Pursuant to its contract with Exeter, Rhino was to be paid $25,000 plus one half of the profit upon sale of the property. Profit was to be calculated by deducting a "base value" of $550,000, and the cost of completion, from the amount realized upon the sale of the property.[FN1] Rhino was required to "properly secure and insure the house until ownership is transferred to buyer." In accordance with its contract, Rhino obtained a "Builder's Risk" [*2]policy from defendant Assurance Company of America. Although the policy stated that it was a "new policy" which became effective July 1, 2004, it is clear that coverage had been in effect for at least a year prior to that date.[FN2] The policy provided that the insurer would pay for "direct physical loss to covered property."[FN3] "Covered property" was defined as meaning property which "has been installed or is to be installed in any commercial structure and/or any one to twelve family dwelling... at the location which you have reported to us. This includes (1) your property; (2) property of others for which you are legally responsible...."[FN4] However, the policy provided that "covered property" did not include "existing building or structure to which an addition, alteration, improvement or repair is being made, unless specifically endorsed."[FN5] The declarations page provided that the policy limits were $1.5 million on any one structure and $5 million on all covered property at all locations.
The policy was issued on a "continuous reporting" basis. Each month the insured was required to report to the insurer the "total estimated completed values of all covered property for each location started during the previous month."[FN6] The report was to be made on a form provided by the insurer. Premiums were to be paid based on the "total estimated completed value of the property using the rate we furnish."[FN7]
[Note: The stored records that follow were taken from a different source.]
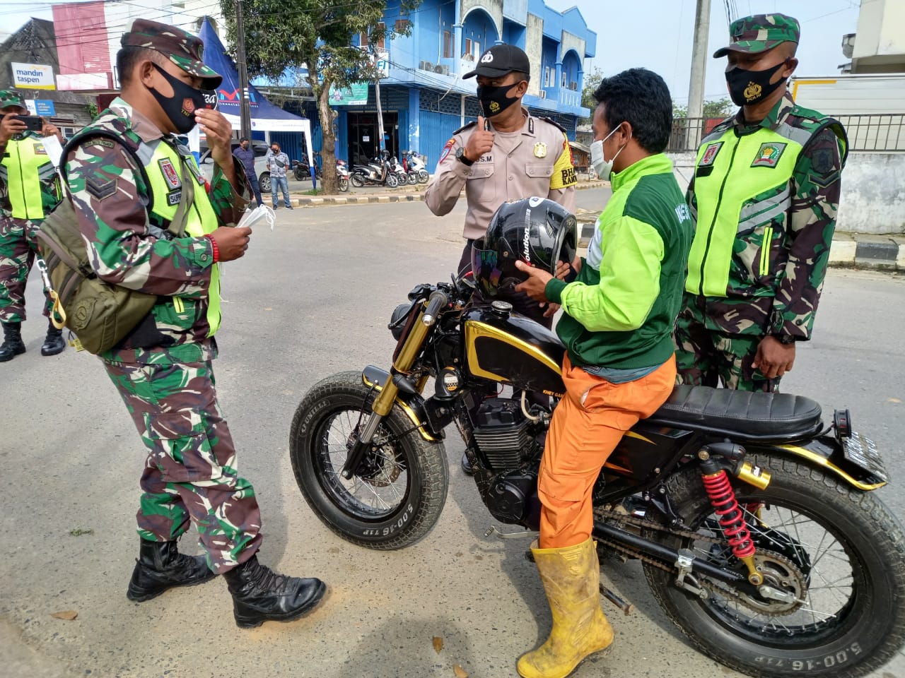 BARABAI-Tak Kendor, TNI-Polri dari Kodim 1002/Barabai dan Polres HST melaksanakan penegakkan disiplin protokol kesehatan kepada masyarakat Barabai.Minggu (28/02). Meski hari libur Babinsa Kodim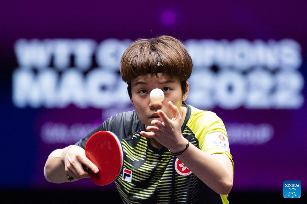 Doo Hoi Kem of China's Hong Kong serves during the women's singles round of 32 match against Cheng I-Ching of Chinese Taipei at the WTT Champions Macao 2022 in Macao, south China, Oct. 19, 2022. (Xinhua/Cheong Kam Ka)
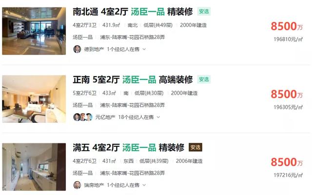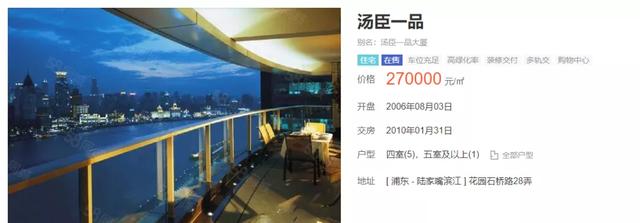 汤臣一品的位置是真的不得了,在黄浦江畔,能看江景能看东方明珠,景观位置一级棒。现如今汤臣一品大小类似的二手房每平19万,仅售8500万左右,新房的价格价值27万每平,400平以上就上亿元了,可以说是很壕的价格了!

Plaintiff's report for June 2003 lists three projects, including the subject Bittersweet Court property. The report contains columns for entering data pertaining to each project. The legend explaining the code for entering the data is obscured by the copy of plaintiff's monthly premium check which is superimposed over the report. However, the report appears to indicate that all three of the projects were listed as "new starts."[FN8]
The June 2003 report indicates that Rhino was charged a "protected" rate of .041 and [*3]an "unprotected" rate of .083 per $100 of value.[FN9] Defendant's redacted underwriting file indicates that to receive the protected rate, the premises must be within a certain proximity to a fire station and meet other requirements to control the risk of fire.[FN10] The report indicates that the protected rate of .041 was assigned to each project. On the report, plaintiff entered $500,000 as the total estimated completed value for the Bittersweet Court project.
The builder's risk policy contained an "other insurance clause" providing that if the insured had other insurance covering the loss, the insurer would pay only "the excess" over what the insured should have received from the other insurance.[FN11] The policy also contained a "mortgageholder's clause," providing that the insurer would pay for covered losses to each mortgageholder shown on a certificate of insurance issued by the "current agent of record."[FN12] Although defendant initially claimed that Exeter was an insured on the builder's risk policy, it now denies that a certificate of insurance was issued in favor of Exeter.[FN13] Thus, the Court need not consider whether coverage available to Rhino under the builder's risk policy was "excess" to other insurance available to Exeter.
While Exeter was not an insured under the builder's risk policy, it did have a homeowner's policy covering the Bittersweet property. The policy was issued by Lloyd's, London, and the limit for property damage to the dwelling was $562,432. The policy had an endorsement providing that the insurance did not apply to personal injury, bodily injury, or property damage "arising out of the operations performed for the named insured by independent contractors or acts or omissions of the named insured in connection with his general supervision of such operations."[FN14] KNH Associates was the insurance broker which placed both Rhino's builder's risk policy and the homeowner's policy held by Exeter.
On April 11, 2005, Exeter's subsidiary, Bittersweet Partners, Inc., entered into a contract to sell the property to Brett Reece for $869,000. The contract provided that Bittersweet was to "erect and complete" a two-story colonial style single family home on the premises. The closing was to occur within 15 days of the issuance of a certificate of occupancy, but no earlier than June 15, 2005.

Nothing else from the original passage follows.